Abstract

When an afferent nerve is stimulated by two similar break-shocks at a sufficiently short interval, it has been found that the ensuing reflex response is no greater than the response to a single break-shock. The shortest interval at which the second stimulus produces an additional response has been called “the least interval for muscular summation” (Adrian and Olmsted, 1922). Different observes have found fairly comparable values for this interval in the mammalian preparation: 0·75 σ to 1·31 σ (Sherrington and Sowton, 1915); 1·2 σ to 2·4 σ (Adrian and olmsted, 1922); 1·0 σ to 2·4 σ (Forbes, Querido, Whitaker and Hurxthal, 1928). It was at first thought that the ineffectiveness of the second stimulus at intervals less that “the least interval” was due to a refractory period of the central part of the reflex arc; consequently the “least interval” was used as a measure of the duration of the absolutely refractory period of the reflex arc. Forbes (1922), however, pointed out that the duration of the “least interval” was similar to the duration of the absolutely refractory period of the afferent nerve ( cf . Sherrington, 1921, p. 257), and concluded that the ineffectiveness of the second stimulus was probably due to its inability to set up centripetal impulses in the afferent nerve, and not to a blocking of such impulses by a refractory period in some part of the central reflex pathway.
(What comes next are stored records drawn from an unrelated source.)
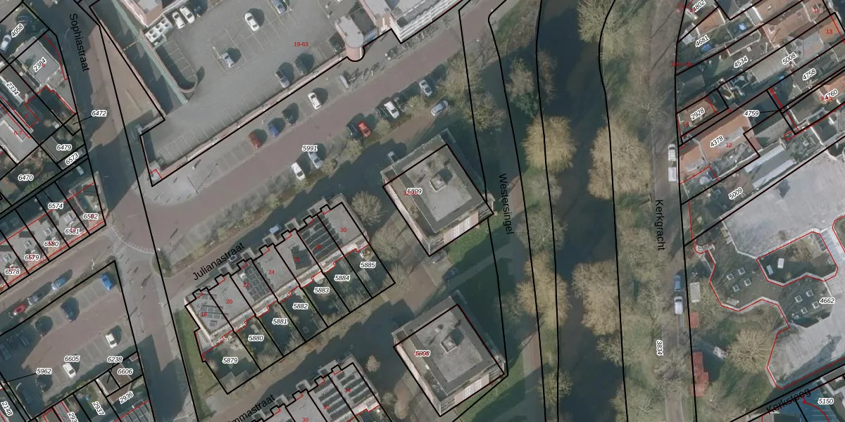 Julianastraat 34 is gelegen op kadastraal perceel SNE00A5809. Deze kadastrale aanduiding is uniek en wordt gebruikt door het Kadaster om eigendomsrechten en andere zakelijke rechten vast te leggen. Het perceel maakt onderdeel uit van de kadastrale gemeente Sneek.
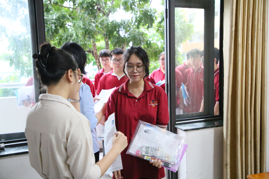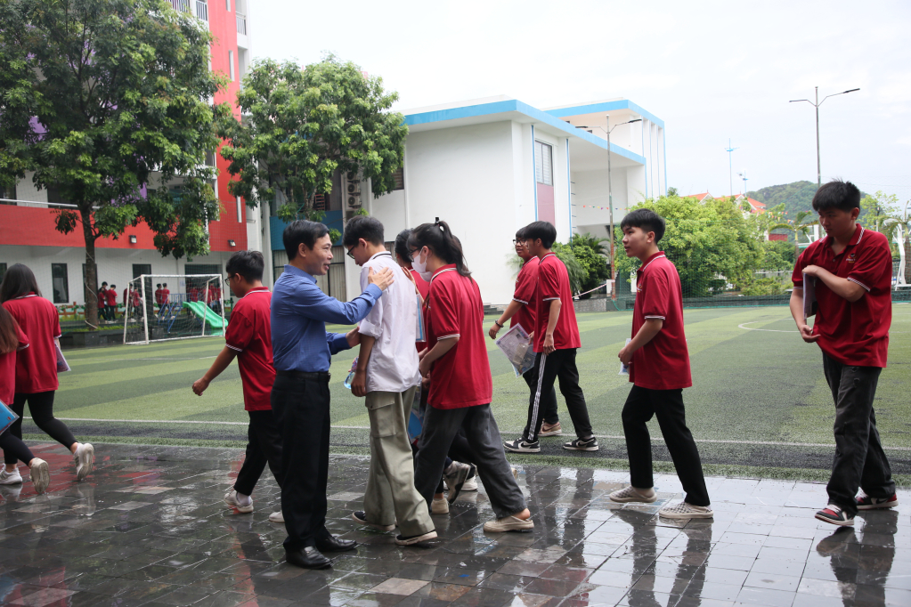 Đại diện Ban Giám hiệu Trường TH, THCS & THPT Lê Thánh Tông đón các em học sinh dưới sân trường, động viên các em làm bài thi thật tốt.
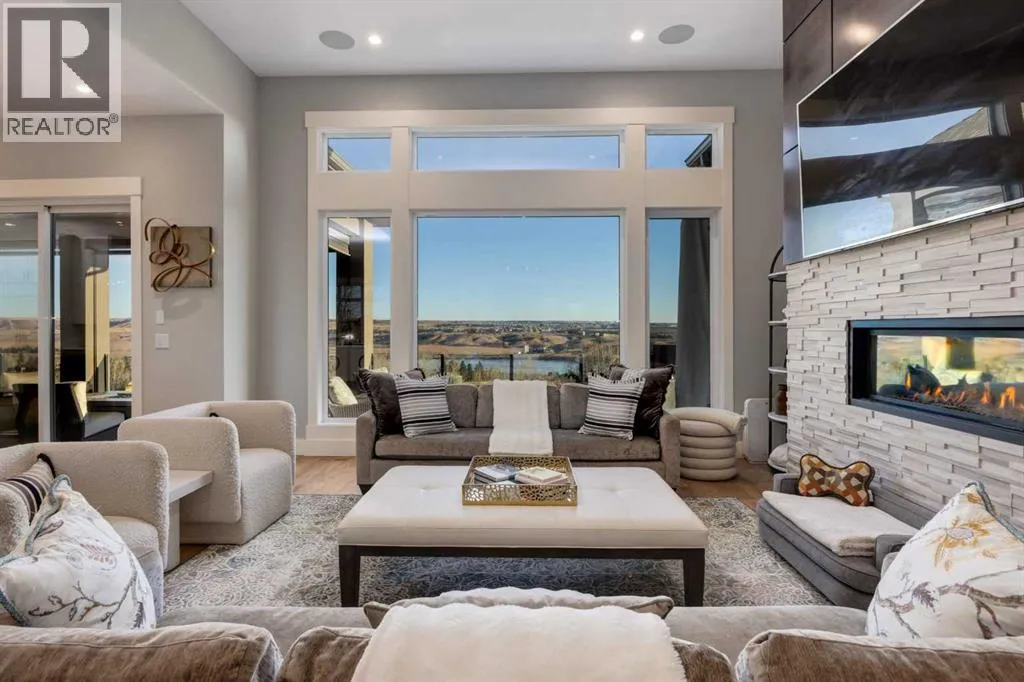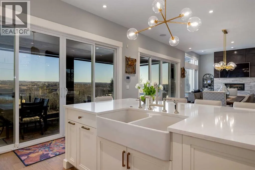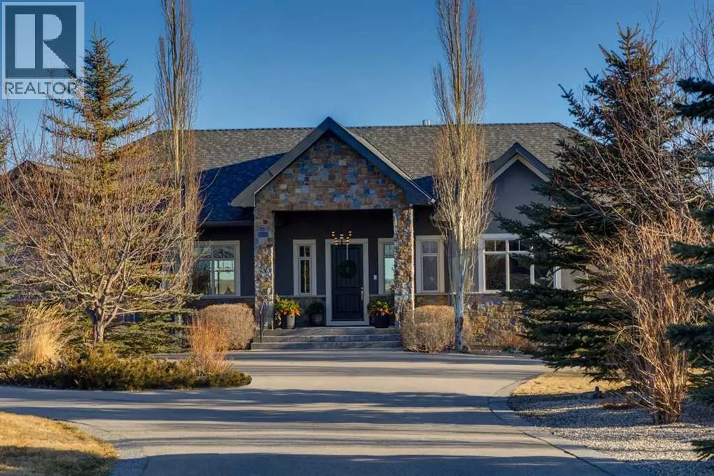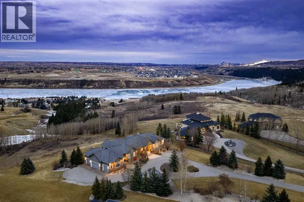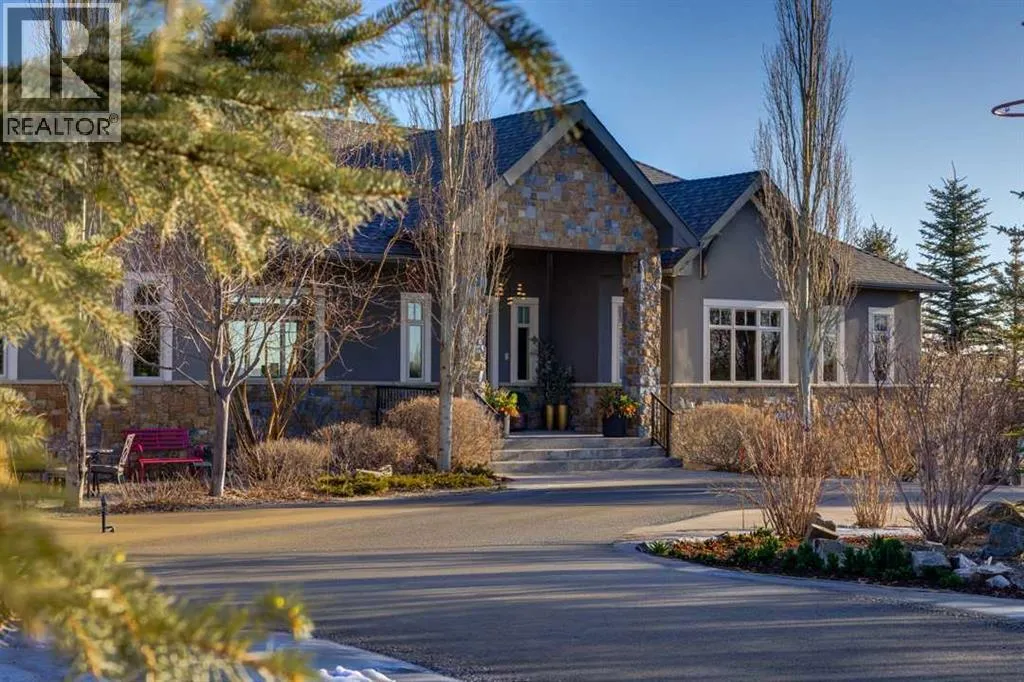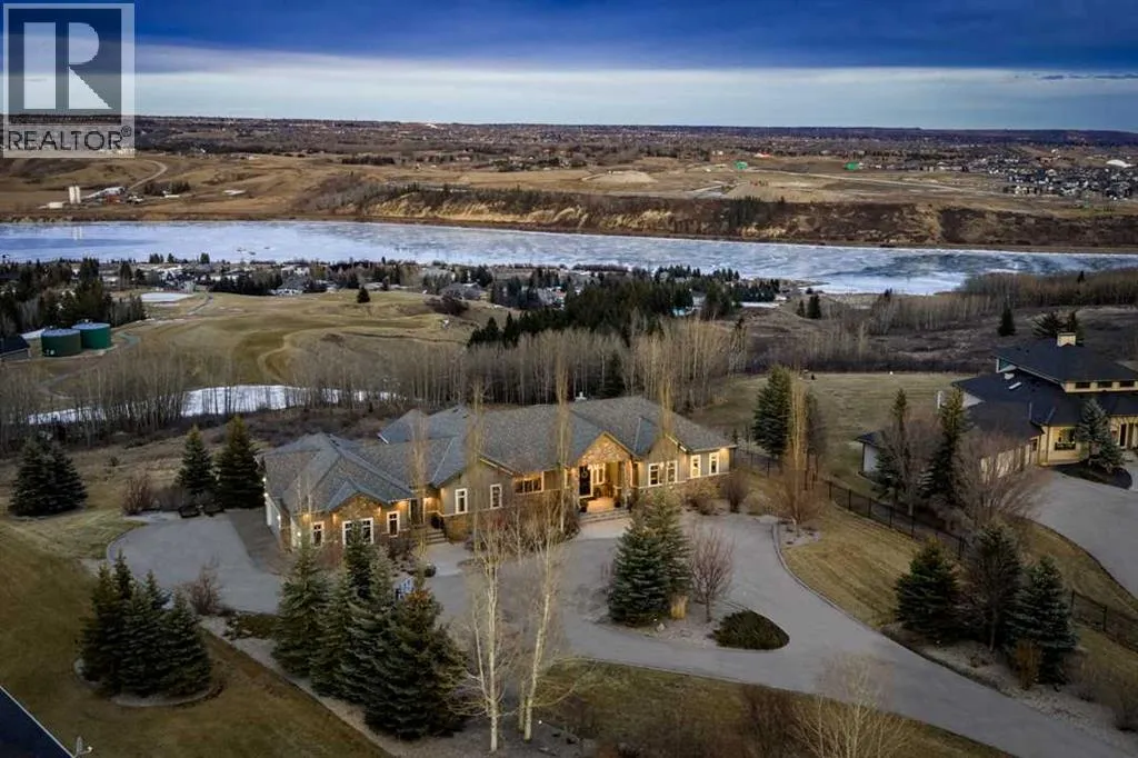 Set high on the escarpment in North Springbank is the most beautiful bungalow with unobstructed views of the city skyline, Bow River, the Springbank Links golf course, the mountains to the West and the breathtaking valley set below. Extensively renovated in 2022 and 2024, this property features over 2800 SF on the main level, over 400 SF on the outdoor living room deck, and another 2400 SF on the lower-level walk-out. The designer kitchen is gorgeous and has a beautiful butlerâs pantry with a full wet bar and wine fridge. The living room is open to the dining room and kitchen areas and overlooks the stupendous views. The primary suite encompasses the entire SE wing of the home and has the most luxurious ensuite showcasing a gold framed shower, freestanding bathtub and waterfall vanities. The lower level features a games room, media area, home gym and three large bedrooms, each with their own ensuites and walk-in closets. The yard is professionally landscaped with mature trees and extensive garden areas. The oversized four car garage features a second mud room. This is a very special property in a unique location at the end of a private cul-de-sac and is within 10 minutes to local and private schools, shopping and recreational facilities. (id:27476)
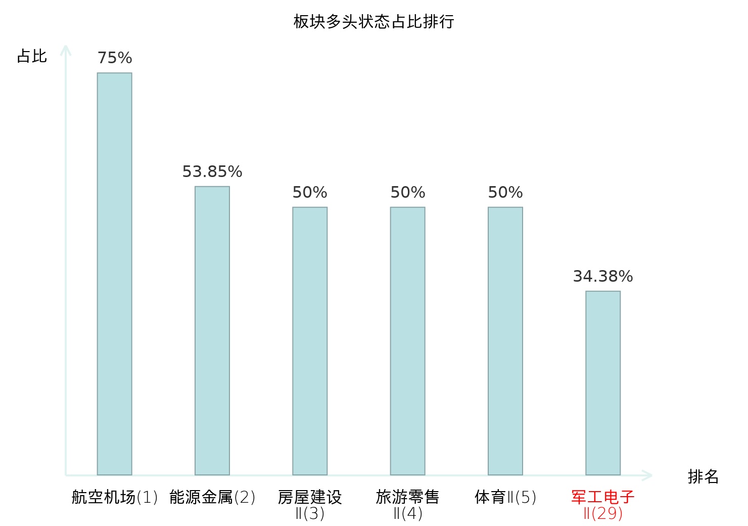 全市场所有行业板块中主力多头状态占比排名中,航空机场板块位居第一。其他电子Ⅱ板块名次提升最快,较昨日上升53位。
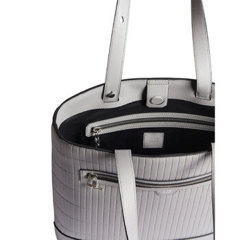 Dunhill Men's Tote. SKU: DU23R3555RA030. Color: Grey. Size: 38cm x 35cm x 8cm. Dunhill T-Bar Zip Rollagas Tote. This tote features adjustable top handles, an exterior zipped pocket with a T-bar zip puller, one interior zipped pocket, vintage palladium-plated hardware, and Dunhill branding. 100% calf leather. Made in Italy.
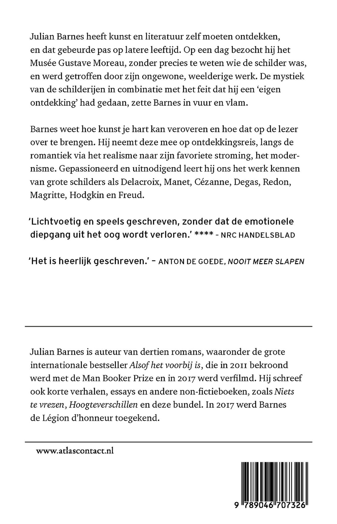 Julian Barnes weet hoe kunst je hart kan veroveren en hoe dat op de lezer over te brengen. Hij neemt de lezer mee op ontdekkingsreis langs de romantiek, het realisme naar zijn favoriete stroming, het modernisme. Gepassioneerd en uitnodigend leert hij ons het werk kennen van grote schilders als Delacroix, Courbet, Manet, Cézanne, Degas, Redon, Bonnard, Magritte, Howard Hodgkin en Lucian Freud.
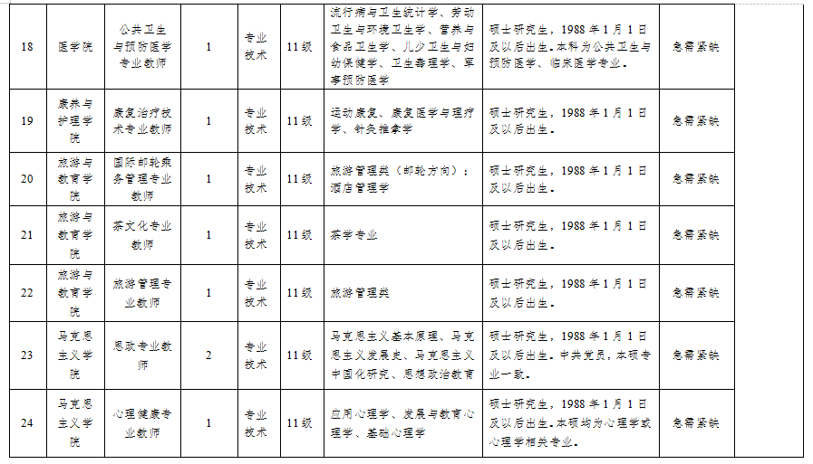 本次引進急需緊缺人才28名,涉及1個事業(yè)單位,24個崗位。崗位引進條件詳見附件1《湖北三峽職業(yè)技術學院2024年急需緊缺人才引進崗位表》。
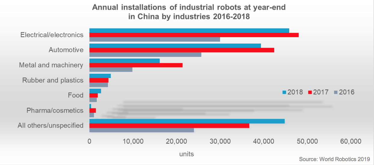 2016年-2018年,中国市场各行业的工业机器人年装机量。电气/电气行业、汽车行业、金属和机械工业始终是前三大应用行业,但在2018年这三个行业的工业机器人装机量均出现下滑。相反,其他行业则有所增长。
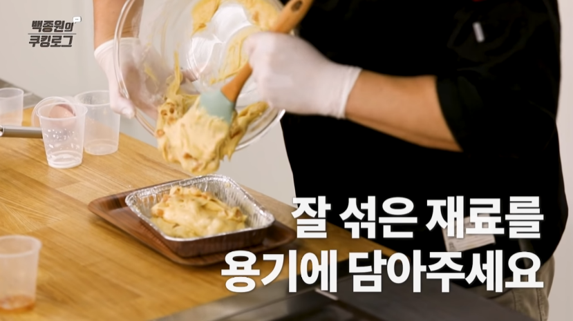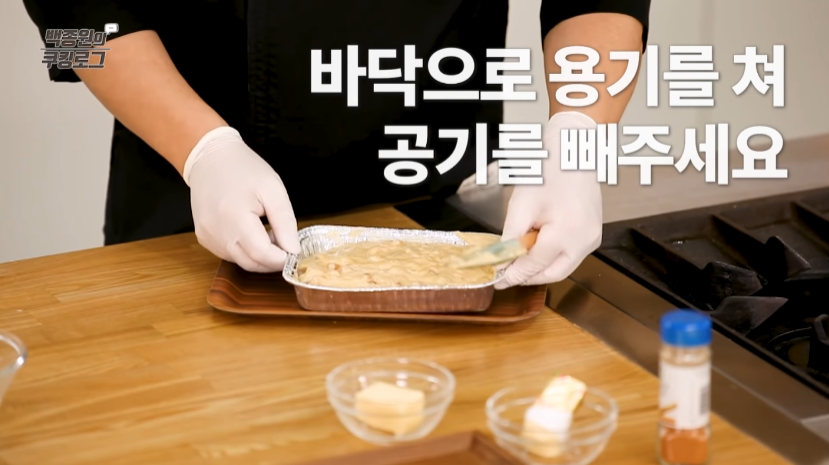 반죽을 오븐 용기에 넣고 바닥에 용기를 쳐 공기를 제거한다.
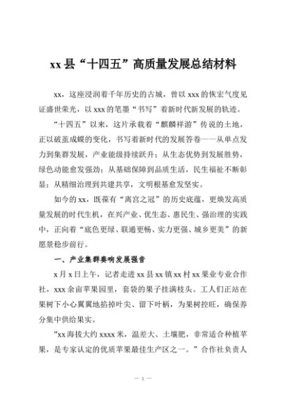 / 【七哥公文】2025年:xx县“十四五”高质量发展总结材料+更多免费公文+VX:QiGeGongWen2024
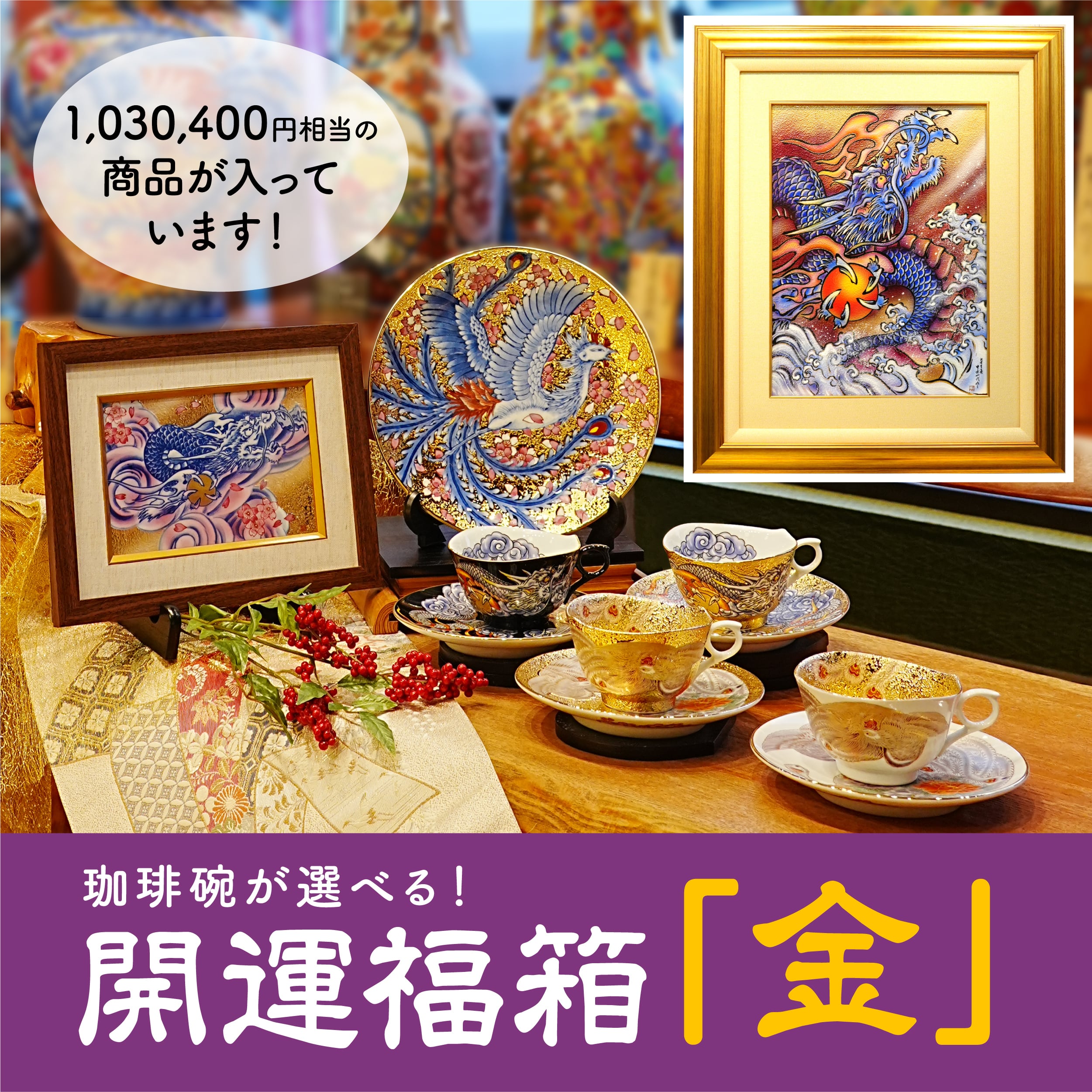 「龍」と「鳳凰」をモチーフにした金彩作品をメインに選び抜いています。
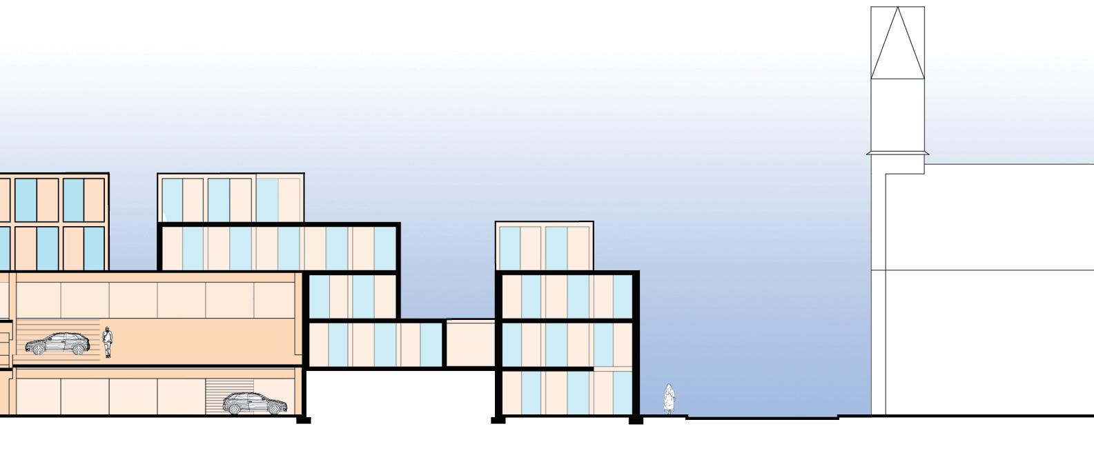began to subtract from in a way that kept the street wall intact and found a building height that fit well in the setting.
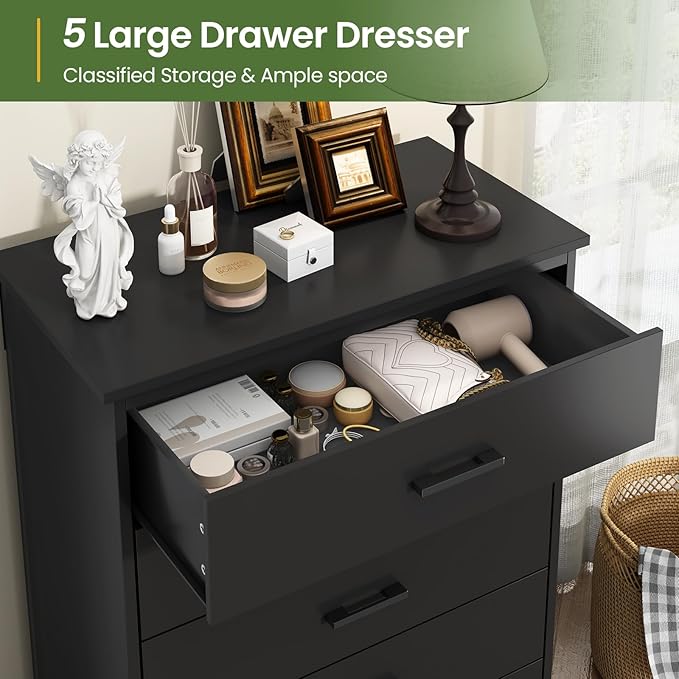 - Focus On Details - the 5 drawer dresser is made from premium engineered wood with a classic finish. The MDF material for a long-term use, scratch and waterproof, easy to clean. A wall anchor is included for added safety.
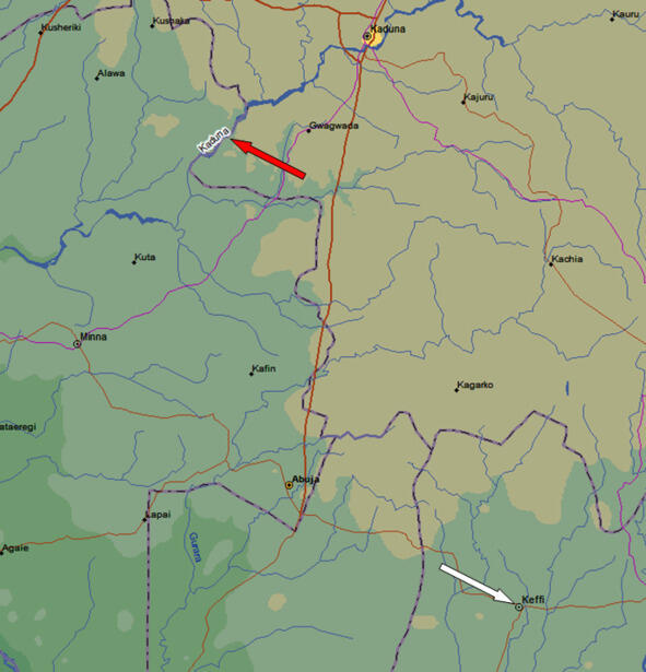 Река Кадуна (красная стрелка), Кеффи (белая стрелка). Расстояние между этими объектами 120 км.

Later (1928) Forbes and his co-workers suggested that the reflex response added by the second centripetal volley, when it followed the first at very short intervals, might not be due to a second discharge of those motoneourones which had already responded to the first volley. Other motoneurones might be excited by summation of the central effects of the two centripetal volleys. If that were so, “the least interval for muscular summation” would have no relation to the refractory period of the reflex pathway.